Work order: Scanning the entries below, copy every line that contains the word "such".

** Opening Data block **

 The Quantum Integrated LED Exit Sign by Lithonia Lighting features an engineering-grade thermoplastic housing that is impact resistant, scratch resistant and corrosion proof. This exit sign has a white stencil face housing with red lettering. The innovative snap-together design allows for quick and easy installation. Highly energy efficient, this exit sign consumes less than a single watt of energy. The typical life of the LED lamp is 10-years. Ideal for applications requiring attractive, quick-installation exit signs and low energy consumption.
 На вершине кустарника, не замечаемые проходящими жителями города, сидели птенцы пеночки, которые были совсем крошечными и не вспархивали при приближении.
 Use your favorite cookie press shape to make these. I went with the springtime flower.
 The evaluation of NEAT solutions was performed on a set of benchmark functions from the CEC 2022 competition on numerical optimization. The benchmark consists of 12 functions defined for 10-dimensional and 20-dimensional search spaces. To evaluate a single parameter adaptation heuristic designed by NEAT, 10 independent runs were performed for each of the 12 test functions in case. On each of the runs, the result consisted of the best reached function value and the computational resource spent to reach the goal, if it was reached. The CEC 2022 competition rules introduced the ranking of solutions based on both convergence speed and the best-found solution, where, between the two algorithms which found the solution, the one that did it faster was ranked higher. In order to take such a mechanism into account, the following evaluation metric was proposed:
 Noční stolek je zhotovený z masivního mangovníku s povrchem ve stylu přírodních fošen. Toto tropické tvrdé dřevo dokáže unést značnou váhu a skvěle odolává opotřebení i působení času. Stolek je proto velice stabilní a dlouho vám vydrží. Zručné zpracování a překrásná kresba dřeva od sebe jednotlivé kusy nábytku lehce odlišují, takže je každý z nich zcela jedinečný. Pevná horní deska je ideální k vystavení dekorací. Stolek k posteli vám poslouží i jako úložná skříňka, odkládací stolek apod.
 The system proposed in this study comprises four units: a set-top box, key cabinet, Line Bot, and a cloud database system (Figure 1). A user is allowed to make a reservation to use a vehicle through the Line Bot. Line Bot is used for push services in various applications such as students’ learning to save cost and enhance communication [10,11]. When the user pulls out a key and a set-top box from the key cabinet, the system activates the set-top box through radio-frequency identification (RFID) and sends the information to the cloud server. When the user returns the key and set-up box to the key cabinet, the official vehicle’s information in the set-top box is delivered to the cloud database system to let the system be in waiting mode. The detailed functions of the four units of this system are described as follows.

** Closing Data block **
** Opening Data block **

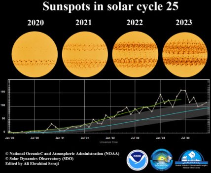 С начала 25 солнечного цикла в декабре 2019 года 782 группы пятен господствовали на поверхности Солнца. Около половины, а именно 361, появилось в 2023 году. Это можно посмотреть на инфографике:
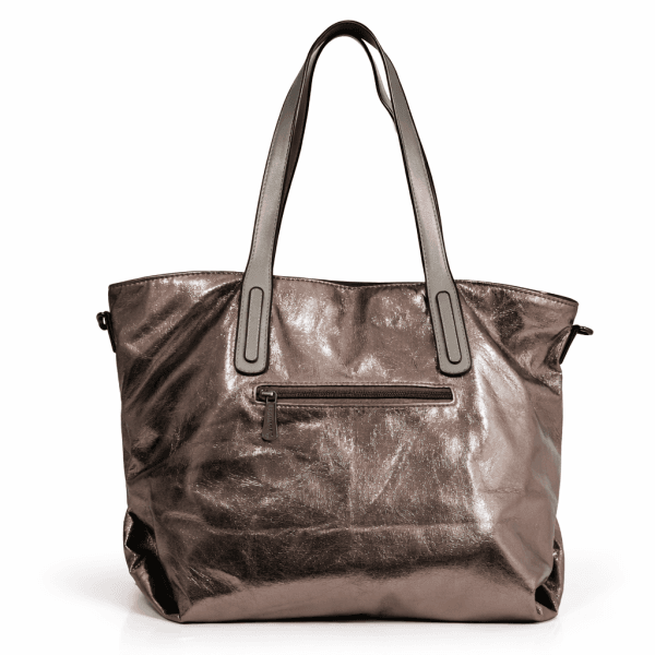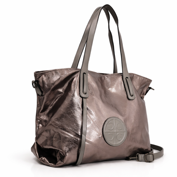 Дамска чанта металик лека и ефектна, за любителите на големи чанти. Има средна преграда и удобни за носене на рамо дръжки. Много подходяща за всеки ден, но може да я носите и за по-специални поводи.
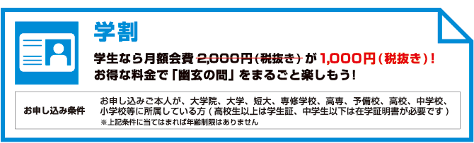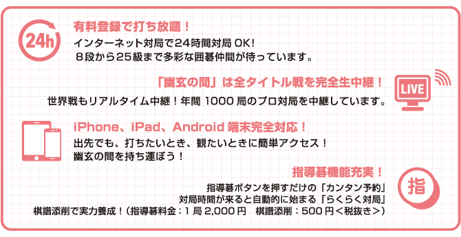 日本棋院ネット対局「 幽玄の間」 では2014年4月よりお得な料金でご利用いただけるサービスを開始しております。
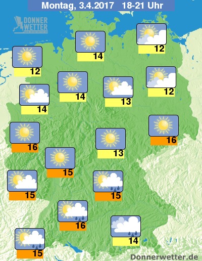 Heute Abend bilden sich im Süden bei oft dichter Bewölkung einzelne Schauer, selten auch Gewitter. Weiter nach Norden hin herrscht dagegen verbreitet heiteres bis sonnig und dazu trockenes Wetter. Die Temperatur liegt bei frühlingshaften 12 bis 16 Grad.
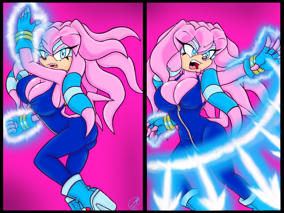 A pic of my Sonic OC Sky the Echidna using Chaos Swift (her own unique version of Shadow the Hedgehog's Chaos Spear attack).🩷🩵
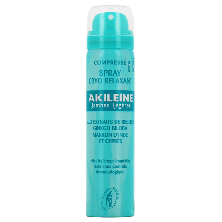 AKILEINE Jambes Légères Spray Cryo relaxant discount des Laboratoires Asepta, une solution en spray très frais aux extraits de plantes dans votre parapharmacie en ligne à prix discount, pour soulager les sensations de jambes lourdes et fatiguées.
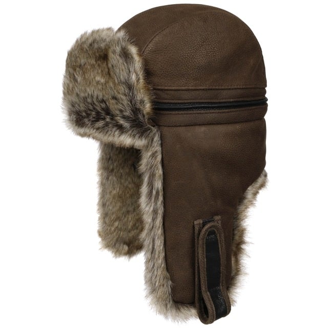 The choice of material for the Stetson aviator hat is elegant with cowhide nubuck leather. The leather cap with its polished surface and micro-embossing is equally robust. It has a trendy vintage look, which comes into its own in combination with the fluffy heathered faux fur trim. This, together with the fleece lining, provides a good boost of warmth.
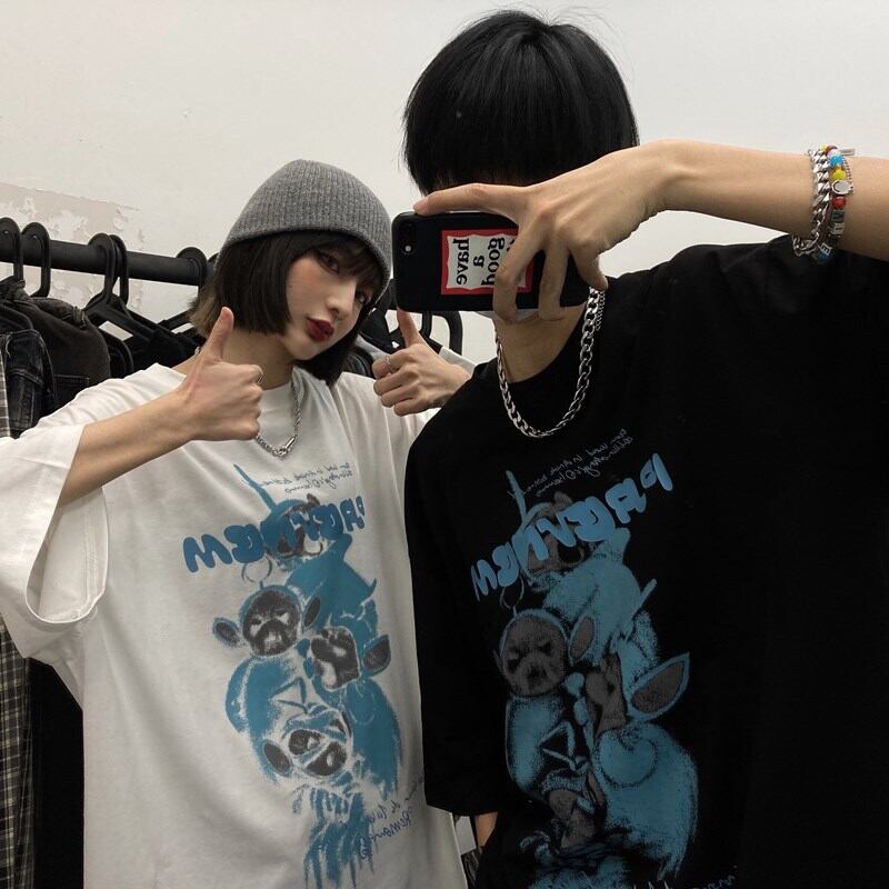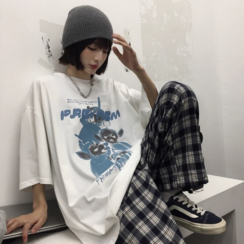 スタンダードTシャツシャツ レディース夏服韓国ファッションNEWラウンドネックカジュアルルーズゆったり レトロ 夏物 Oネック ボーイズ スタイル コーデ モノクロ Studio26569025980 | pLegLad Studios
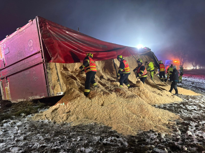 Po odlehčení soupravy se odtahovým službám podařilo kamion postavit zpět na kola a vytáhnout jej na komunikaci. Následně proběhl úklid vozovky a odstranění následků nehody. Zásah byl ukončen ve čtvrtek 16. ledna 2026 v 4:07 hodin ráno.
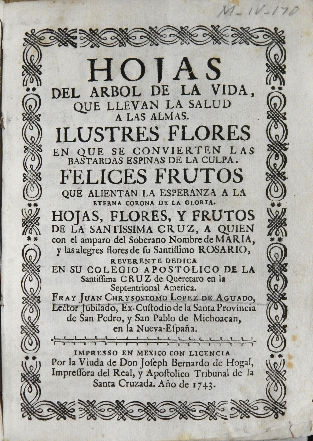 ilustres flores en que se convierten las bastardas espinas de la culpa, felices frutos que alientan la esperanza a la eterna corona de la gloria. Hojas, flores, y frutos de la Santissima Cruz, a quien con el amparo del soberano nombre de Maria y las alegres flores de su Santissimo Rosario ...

** Closing Data block **

Solved problem:
 The evaluation of NEAT solutions was performed on a set of benchmark functions from the CEC 2022 competition on numerical optimization. The benchmark consists of 12 functions defined for 10-dimensional and 20-dimensional search spaces. To evaluate a single parameter adaptation heuristic designed by NEAT, 10 independent runs were performed for each of the 12 test functions in case. On each of the runs, the result consisted of the best reached function value and the computational resource spent to reach the goal, if it was reached. The CEC 2022 competition rules introduced the ranking of solutions based on both convergence speed and the best-found solution, where, between the two algorithms which found the solution, the one that did it faster was ranked higher. In order to take such a mechanism into account, the following evaluation metric was proposed:
 The system proposed in this study comprises four units: a set-top box, key cabinet, Line Bot, and a cloud database system (Figure 1). A user is allowed to make a reservation to use a vehicle through the Line Bot. Line Bot is used for push services in various applications such as students’ learning to save cost and enhance communication [10,11]. When the user pulls out a key and a set-top box from the key cabinet, the system activates the set-top box through radio-frequency identification (RFID) and sends the information to the cloud server. When the user returns the key and set-up box to the key cabinet, the official vehicle’s information in the set-top box is delivered to the cloud database system to let the system be in waiting mode. The detailed functions of the four units of this system are described as follows.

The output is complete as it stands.